Is it possible to estimate the speed of wind by the sound emitted by a cable of an overhead power line? I was near ($\approx40m$) an overhead power line and I heard a sound coming from the cables of the power line; I think the sound was made by the vibrations of the power cables due to the wind but I am not sure.
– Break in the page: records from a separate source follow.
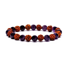 Braccialetto Mala elastico Rudraksha - Ametista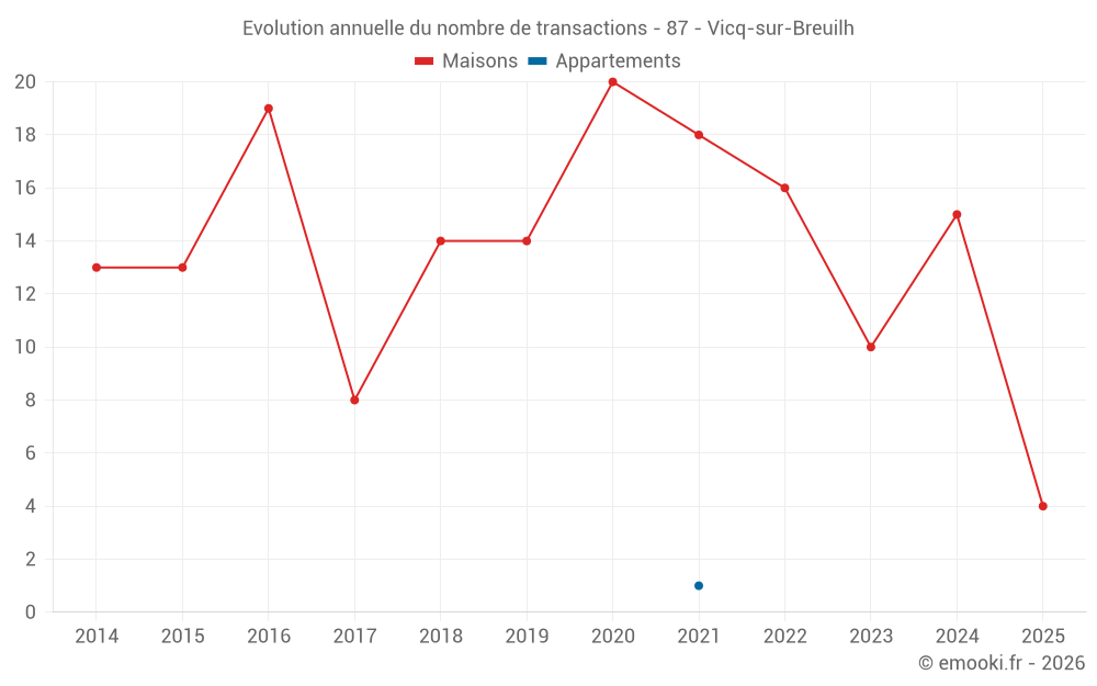 Le prix médian sur les 23 transactions de maisons des 24 derniers mois dans la commune de Vicq-sur-Breuilh était de 1 490 € par mètre carré pour une valeur foncière médiane de 150 000 €. Sur cette période 60% des transactions se sont situées entre 1 088 et 1 923 € par mètre carré (du 2ème au 8ème déciles).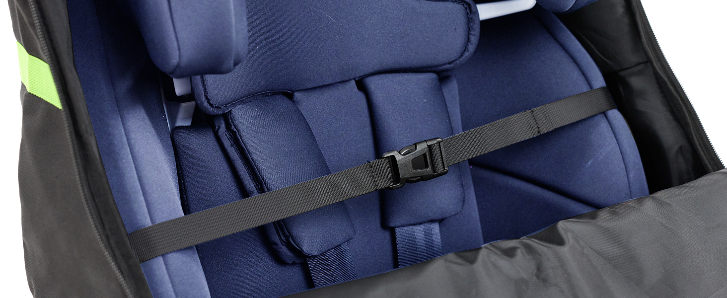 The universal size of the car seat travel bag for airplane fits most major brands including Graco, Nuna, Britax, and Evenflo. The secure internal tightening strap helps to keep your seat snugly in place during transport.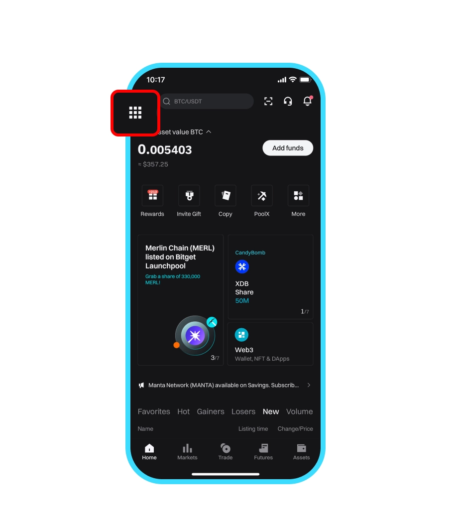 비트겟 앱의 왼쪽 상단의 메뉴 아이콘을 클릭합니다.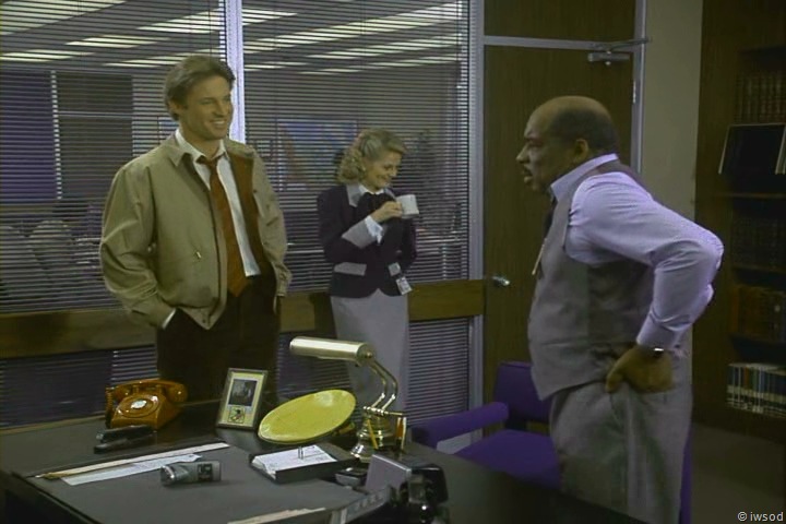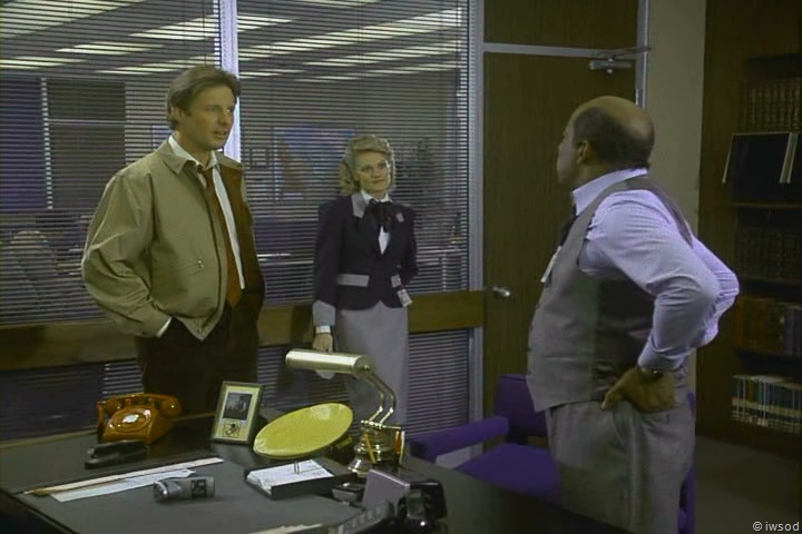 Funny catch with the portable shaver (i.e. electric razor)! I love it. That has no reasonable explanation to be on the desk except that it was late in the day and Mel (or Bruce?) needed to do a quick spiffying up before the cameras rolled! I do occasionally notice morning scenes with a scruffy look to them and figure that must have actually been a pretty long day on the set. (Hmm, although give that this scene was right after the botched second defection attempt, some extra stubble would have been very appropriate for the scene. Still, I’m betting you’re right about it being MS’s!)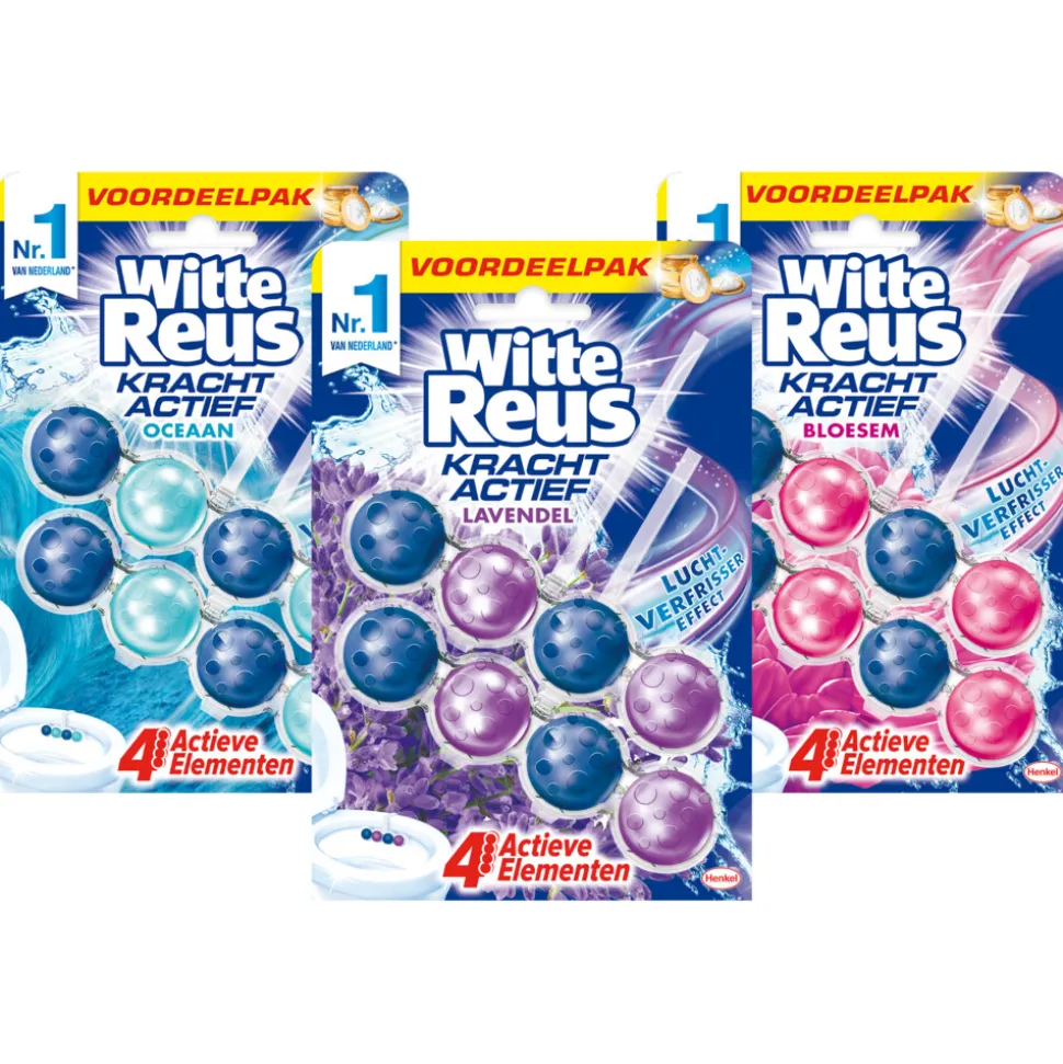 Dit verfrissende pakket van Witte Reus bestaat uit de volgende producten: Witte Reus Toiletblok Kracht Actief Lavendel 2 stuks, Witte Reus Toiletblok Kracht Actief Oceaan 2 stuks en Witte Reus Toiletblok Kracht Actief Bloesem 2 stuks.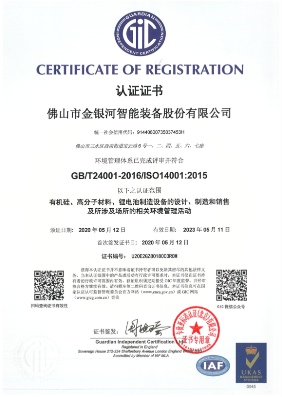 2020年5月,操逼APP下载大全“環境管理體係”完成評審並符合GB/T24001-2016/ISO 14001:2015,認證範圍包括黄色操逼视频软件、高分子材料、鋰電池製造設備的設計、製造和銷售及所涉及場所的相關職業健康安全管理活動。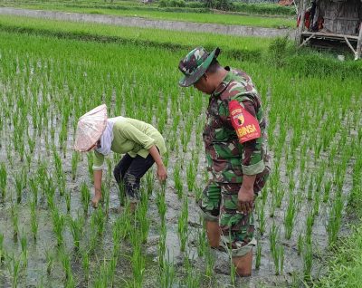 “Harapannya, hasil produksi padi nanti bisa maksimal, sehingga bisa membantu perekonomian petani binaan kami,” harap Sertu Moh. Hasyim. (Pendim 0827/Sumenep)

The wind was very light.
The sound was not the "buzz" asked about here.

My question is: assuming the sound was generated by the wind, is it possible to estimate the speed of wind from the sound properties (i.e. its spectrogram) and the mechanical properties of the cable?
If yes, how accurate will be the estimate? 
If yes, can you provide some back-of-the-envelope calculation?
 A: The sound by the cable is produced because of the Kármán vortex shedding. 
This empirical formula from the wikipedia page relates the frequency of the vortex shedding with the Reynolds number:
$$
\frac{fd}{V}=0.198\left (1-\frac{19.7}{\mathrm{Re}}\right),
$$
where $f$ is the frequency, $d$ cable diameter and $V$ is the flow velocity.
The Reynolds number $\mathrm{Re}$ in turn is defined for this system as $$\mathrm{Re}=\frac{Vd}{\nu},$$
where $\nu$ is the kinematic viscosity of the medium. For the air at $15\,{}^\circ \text{C}$ it is $1.48\times 10^{−5}\,\text{m}^2/\text{s}$.
So solving the equations for the velocity $V$ we obtain
$$
V = 5.05 \left(f d + 3.90 \frac{\nu}{d}\right).
$$
Of course, this formula implies idealized conditions, so in a more realistic situations (including for instance turbulence in the wind flow) extracting the vortex shedding frequency from the sound spectrum could be tricky.
A: In the design of aeolian vibration dampers the frequency of oscillation is given empirically by  $$ f = 3.26 V/d $$ where $f$ is in $\rm Hz$, $V$ wind speed in $\rm mph$ and $d$ the cable diameter in $\rm in$. The problem is that beyond $15 \,{\rm mph}$ the wind is too choppy to excite one frequency and the vibration amplitude (and hence sound) drops. Only across flat terrain (sand, river crossing, snow cover) the vibration can be sustained up to about $25 {\rm mph}$.
Thus the vibration frequency can only be used for low speed, and steady winds.